▶ **WHAT YOU HAVE TO DO**
The answer must consist solely of the lines from the one containing "Lampa stołowa, w" through the last line of the records below, repeated exactly, with all pictures omitted.

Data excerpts
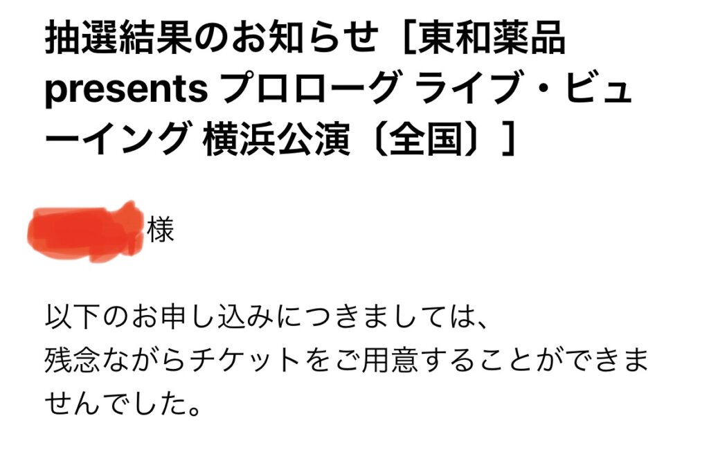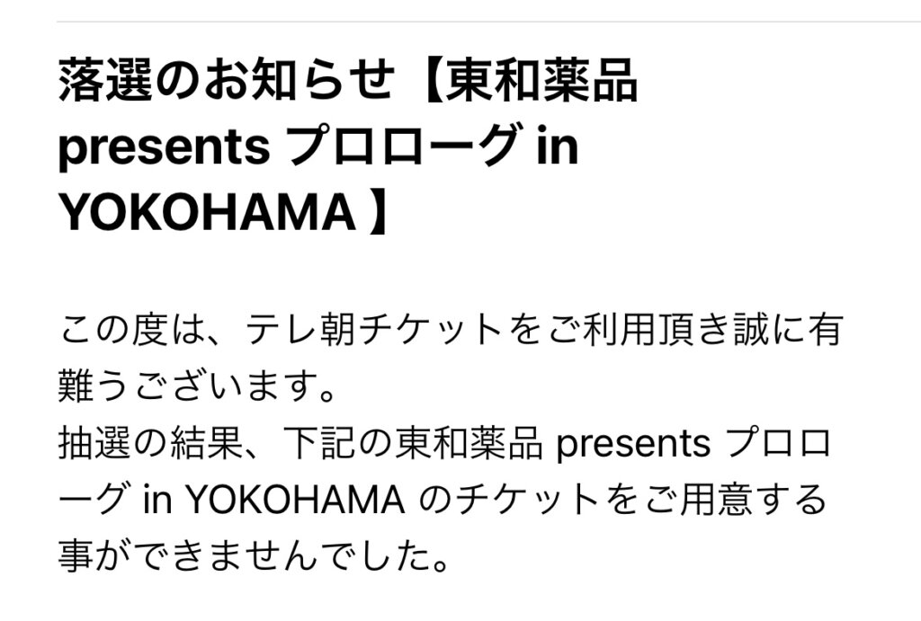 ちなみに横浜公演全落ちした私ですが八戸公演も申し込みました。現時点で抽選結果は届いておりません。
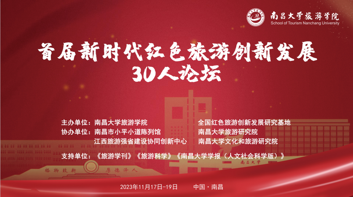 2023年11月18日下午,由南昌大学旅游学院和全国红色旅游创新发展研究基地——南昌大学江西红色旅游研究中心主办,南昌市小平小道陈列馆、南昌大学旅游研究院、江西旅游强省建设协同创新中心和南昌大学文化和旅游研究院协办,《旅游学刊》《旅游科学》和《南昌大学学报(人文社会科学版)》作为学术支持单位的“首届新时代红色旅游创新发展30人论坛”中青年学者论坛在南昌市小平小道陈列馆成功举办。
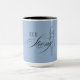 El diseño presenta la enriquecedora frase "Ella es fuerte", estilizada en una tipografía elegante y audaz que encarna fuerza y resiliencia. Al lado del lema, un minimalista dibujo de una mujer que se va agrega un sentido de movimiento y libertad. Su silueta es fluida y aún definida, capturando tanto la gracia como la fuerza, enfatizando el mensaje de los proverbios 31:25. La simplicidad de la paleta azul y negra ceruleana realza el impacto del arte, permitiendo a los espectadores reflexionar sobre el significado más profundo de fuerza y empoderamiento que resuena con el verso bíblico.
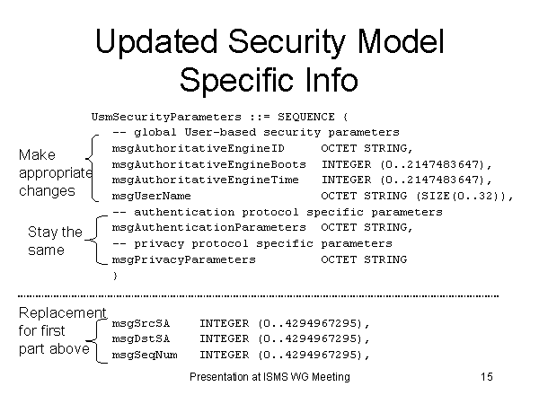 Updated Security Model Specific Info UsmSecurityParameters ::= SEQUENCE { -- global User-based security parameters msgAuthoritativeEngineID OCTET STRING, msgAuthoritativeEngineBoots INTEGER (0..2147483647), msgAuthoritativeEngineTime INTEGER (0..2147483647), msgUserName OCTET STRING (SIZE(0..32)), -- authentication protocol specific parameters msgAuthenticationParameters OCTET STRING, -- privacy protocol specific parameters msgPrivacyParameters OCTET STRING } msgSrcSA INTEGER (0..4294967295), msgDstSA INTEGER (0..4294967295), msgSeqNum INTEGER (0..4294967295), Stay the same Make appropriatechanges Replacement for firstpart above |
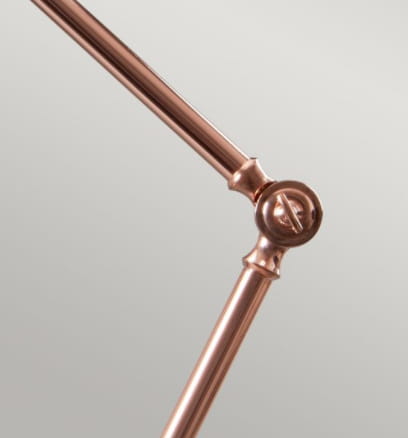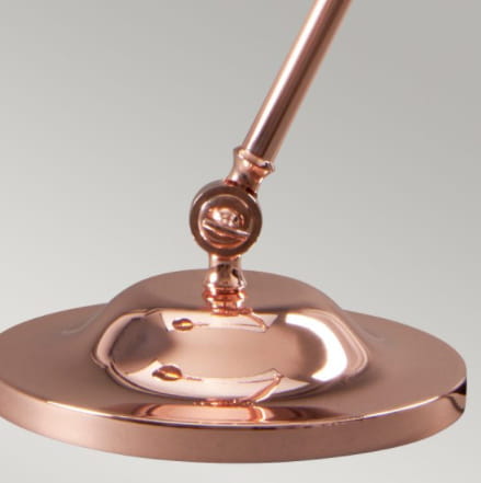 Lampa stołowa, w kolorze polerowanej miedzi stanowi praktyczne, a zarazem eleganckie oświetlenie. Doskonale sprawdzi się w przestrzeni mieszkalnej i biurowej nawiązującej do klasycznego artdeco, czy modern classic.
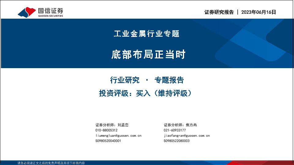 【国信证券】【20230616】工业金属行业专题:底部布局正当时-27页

▶ **EXPECTED ANSWER**
 Lampa stołowa, w kolorze polerowanej miedzi stanowi praktyczne, a zarazem eleganckie oświetlenie. Doskonale sprawdzi się w przestrzeni mieszkalnej i biurowej nawiązującej do klasycznego artdeco, czy modern classic.
 【国信证券】【20230616】工业金属行业专题:底部布局正当时-27页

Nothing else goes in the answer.